- **Problem to work on**
Each line below should be repeated exactly, but no picture should be carried over.

- **Supplied data**
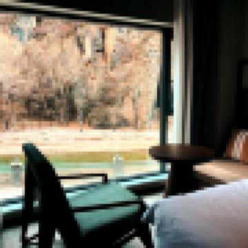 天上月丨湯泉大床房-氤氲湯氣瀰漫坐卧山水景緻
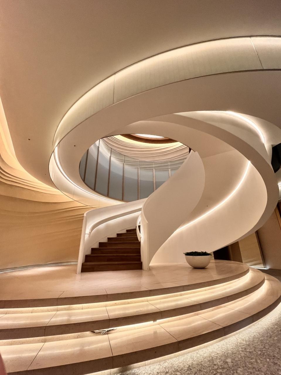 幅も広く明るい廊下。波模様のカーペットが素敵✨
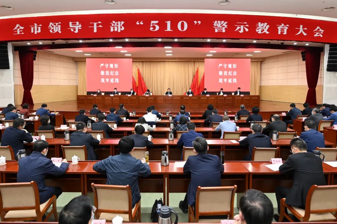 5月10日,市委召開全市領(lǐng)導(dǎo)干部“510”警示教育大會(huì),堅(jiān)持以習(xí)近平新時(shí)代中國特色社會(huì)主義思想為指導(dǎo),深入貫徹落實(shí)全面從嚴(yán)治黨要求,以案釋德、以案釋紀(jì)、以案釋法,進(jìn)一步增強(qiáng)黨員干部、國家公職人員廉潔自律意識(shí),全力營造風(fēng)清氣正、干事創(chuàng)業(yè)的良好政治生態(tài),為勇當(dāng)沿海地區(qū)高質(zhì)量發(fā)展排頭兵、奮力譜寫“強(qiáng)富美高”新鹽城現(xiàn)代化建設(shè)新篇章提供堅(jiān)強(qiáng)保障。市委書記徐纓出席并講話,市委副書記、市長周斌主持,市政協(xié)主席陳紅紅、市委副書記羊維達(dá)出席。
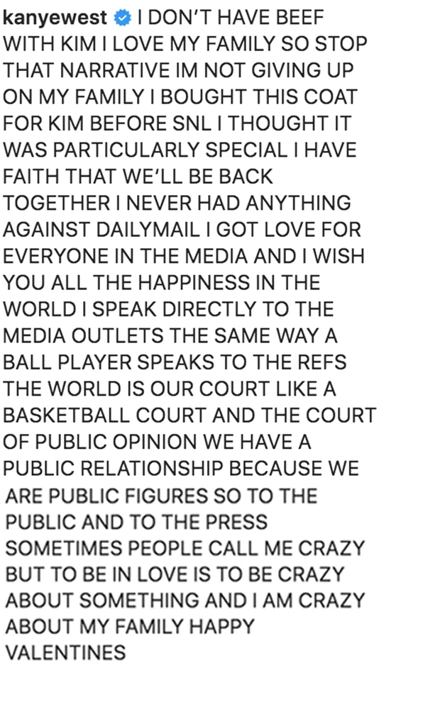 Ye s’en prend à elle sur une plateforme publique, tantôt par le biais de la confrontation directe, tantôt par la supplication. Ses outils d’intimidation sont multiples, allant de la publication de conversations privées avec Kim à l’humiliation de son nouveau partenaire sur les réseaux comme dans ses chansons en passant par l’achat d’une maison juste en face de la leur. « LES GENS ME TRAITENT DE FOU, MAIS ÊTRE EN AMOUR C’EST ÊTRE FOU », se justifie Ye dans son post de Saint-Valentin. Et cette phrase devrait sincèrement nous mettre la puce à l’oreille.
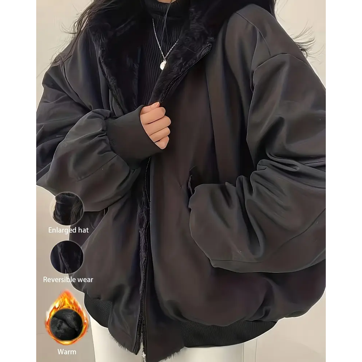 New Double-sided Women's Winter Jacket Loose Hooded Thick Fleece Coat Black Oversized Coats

- **Answer for this exercise**
 天上月丨湯泉大床房-氤氲湯氣瀰漫坐卧山水景緻
 幅も広く明るい廊下。波模様のカーペットが素敵✨
 5月10日,市委召開全市領(lǐng)導(dǎo)干部“510”警示教育大會(huì),堅(jiān)持以習(xí)近平新時(shí)代中國特色社會(huì)主義思想為指導(dǎo),深入貫徹落實(shí)全面從嚴(yán)治黨要求,以案釋德、以案釋紀(jì)、以案釋法,進(jìn)一步增強(qiáng)黨員干部、國家公職人員廉潔自律意識(shí),全力營造風(fēng)清氣正、干事創(chuàng)業(yè)的良好政治生態(tài),為勇當(dāng)沿海地區(qū)高質(zhì)量發(fā)展排頭兵、奮力譜寫“強(qiáng)富美高”新鹽城現(xiàn)代化建設(shè)新篇章提供堅(jiān)強(qiáng)保障。市委書記徐纓出席并講話,市委副書記、市長周斌主持,市政協(xié)主席陳紅紅、市委副書記羊維達(dá)出席。
 Ye s’en prend à elle sur une plateforme publique, tantôt par le biais de la confrontation directe, tantôt par la supplication. Ses outils d’intimidation sont multiples, allant de la publication de conversations privées avec Kim à l’humiliation de son nouveau partenaire sur les réseaux comme dans ses chansons en passant par l’achat d’une maison juste en face de la leur. « LES GENS ME TRAITENT DE FOU, MAIS ÊTRE EN AMOUR C’EST ÊTRE FOU », se justifie Ye dans son post de Saint-Valentin. Et cette phrase devrait sincèrement nous mettre la puce à l’oreille.
 New Double-sided Women's Winter Jacket Loose Hooded Thick Fleece Coat Black Oversized Coats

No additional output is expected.